Asia’s hunger for cheap energy will sustain coal
7th may 2018
Ask Vietnam, Pakistan and even Korea: the era of steam coal is not over yet. Banks don’t want to finance it, big miners are dropping it, and China is migrating to cleaner natural gas. But the shift to green fuels is slow, and Asia’s demand for electricity is outpacing it. That will keep prices lofty for longer than many had forecast.
Thermal coal, burned to generate energy, has few friends in high places. Developed markets like Britain, France and others are phasing it out after the Paris climate agreement, and so too is China, the world’s top consumer. Financing coal is getting tougher too, with large banks under pressure from environmentally conscious investors.

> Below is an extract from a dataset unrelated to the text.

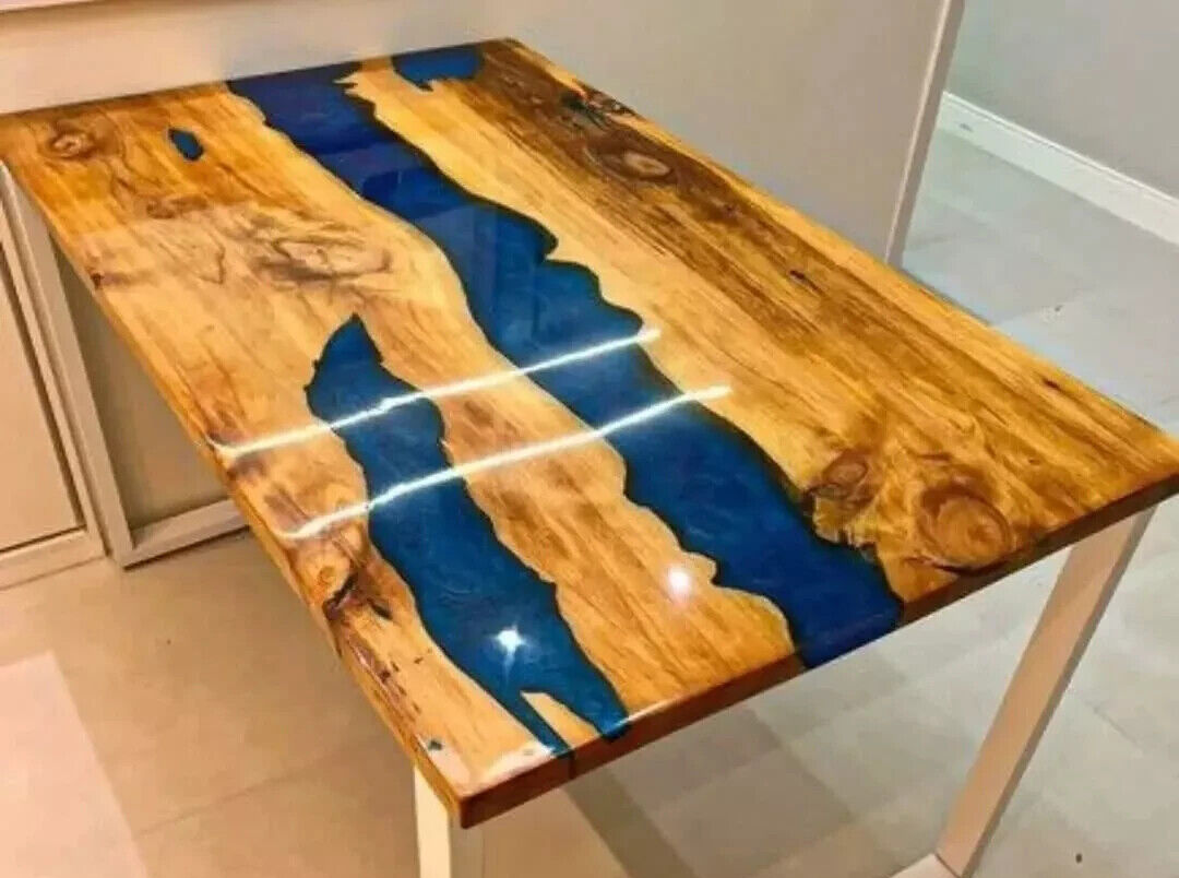 $ 580.46Handmade Blue Epoxy Resin Live Edge Wood Table with Custom Design Decor
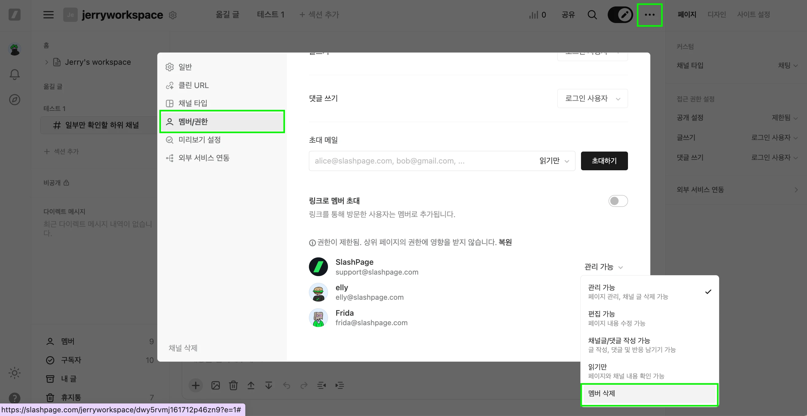이제 상위 페이지의 멤버/권한에 영향을 받지 않는, 일부 인원만 포함된 하위 채널로 사용하실 수 있어요. 만약 새로운 인원을 해당 하위 채널에 초대하고 싶다면, 사이트에 초대하는 것과 같은 방식으로 초대해주시면 돼요.

Even miners are moving on, with almost no significant new projects in the pipeline. Rio Tinto, one of the world’s largest mining companies, agreed to sell its last coal asset in March.
But even if global appetite is levelling off, the Asian picture is different. In China, where consumption peaked in 2013, deep cuts are taking time. And from Pakistan to the Philippines, the need for more cheap energy means more coal-fired plants, driving regional demand. Take Vietnam, Southeast Asia’s fastest-growing economy: local coal production is limited and costly, and almost half of the country’s new electricity capacity is expected to be coal-fired. Appetite for the fuel in large existing markets – India, Korea and Japan – is holding up too.

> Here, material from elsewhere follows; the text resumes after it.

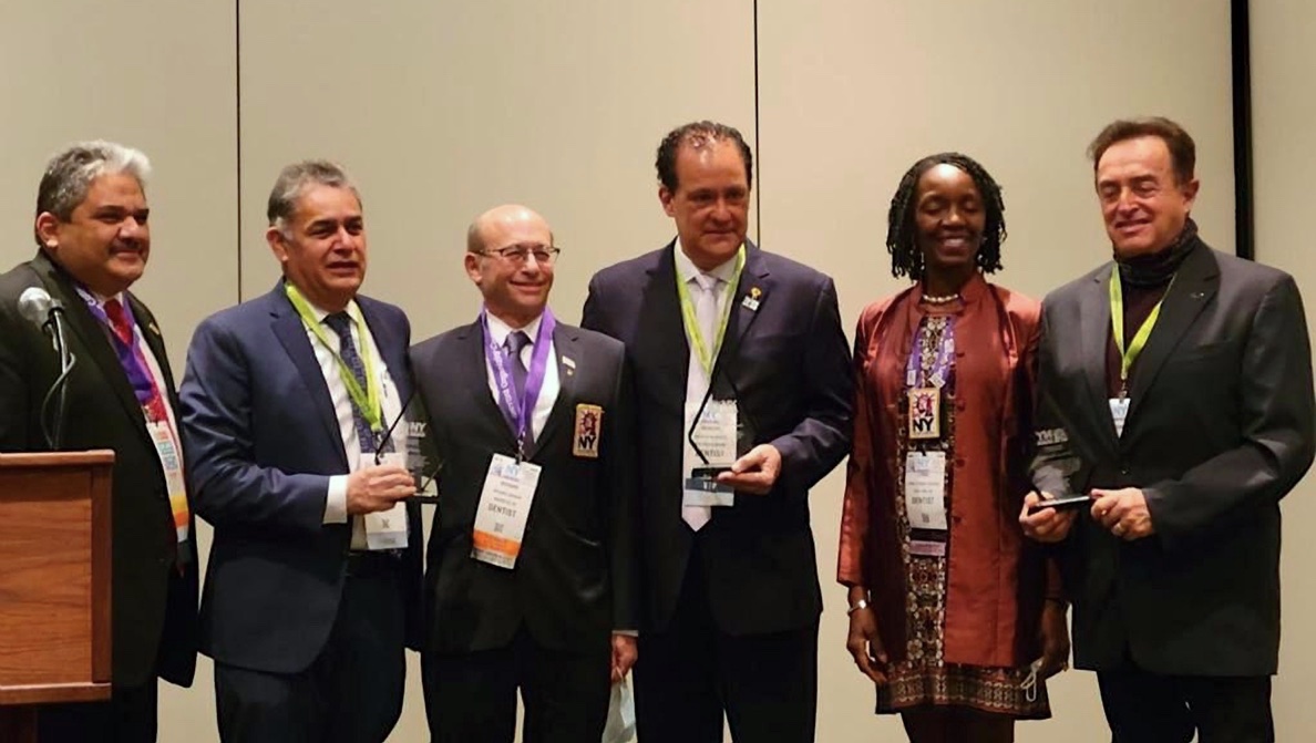 Tres odontólogos latinoamericanos fueron homenajeados en el Greater New York Dental Meeting: el Dr. Irubiel Barbosa (segundo por la izquierda), el Dr. Moacyr Menéndez (cuarto por la izquierda) y el Dr. Francisco Ramos-Gómez, a la derecha. Los directivos del GNYDM hicieron entrega de las placas conmemorativas del reconocimiento a su labor.

Supply, meanwhile, is hardly likely to increase, as mines age and little new capacity comes onstream. Indonesia, the world’s largest exporter of thermal coal, has capped domestic coal prices for power stations, reducing the incentive to invest. And miners that are still betting on coal, like Glencore, are buying existing capacity, not digging fresh holes.

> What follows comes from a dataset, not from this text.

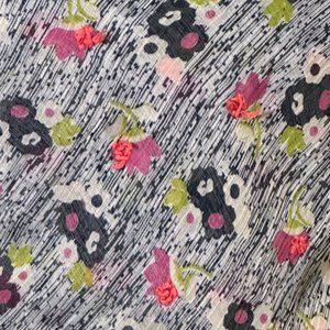 This stylish Unbranded Scarf features a unique floral pattern in black and white, accented with pink flower designs. Its semi-sheer fabric and tassel detail add a touch of femininity. Sized at 41x41, it's the perfect accessory for any woman's wardrobe.
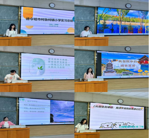 随后,22级三个班的六位同学分别上台分享了自己的顶岗支教经历。来自22A班的支锦霞和马秀芬同学在德令哈支教,她们从多样的角度阐述了此次支教遇到的困难,以及自己克服困难之后的收获。来自22B班的肖丁硕同学在湟源县日月藏族乡中心公司,马晓彤在化隆县民族中学支教,他们为我们讲述了多民族公司的特点、自己面对多民族员工群体时采用的多样教学方法,以及如何把民族团结意识融入教学之中。来自22C班的丁艳和吴建清同学的支教地点在果洛州玛沁县,他们讲述了员工的真诚、善良、与淳朴,和初入高海拔地区工作的适应过程。

As a result, Asia’s proportion of thermal coal consumption is up, now standing at 70 percent, compared to less than 50 percent in 2000. More importantly, coal prices are not dropping as consensus suggested. Indeed, benchmark Australian prices have defied the usual lull at this time of year to cross $100 a tonne – the highest seasonal level in six years. Dirty, but certainly not cheap.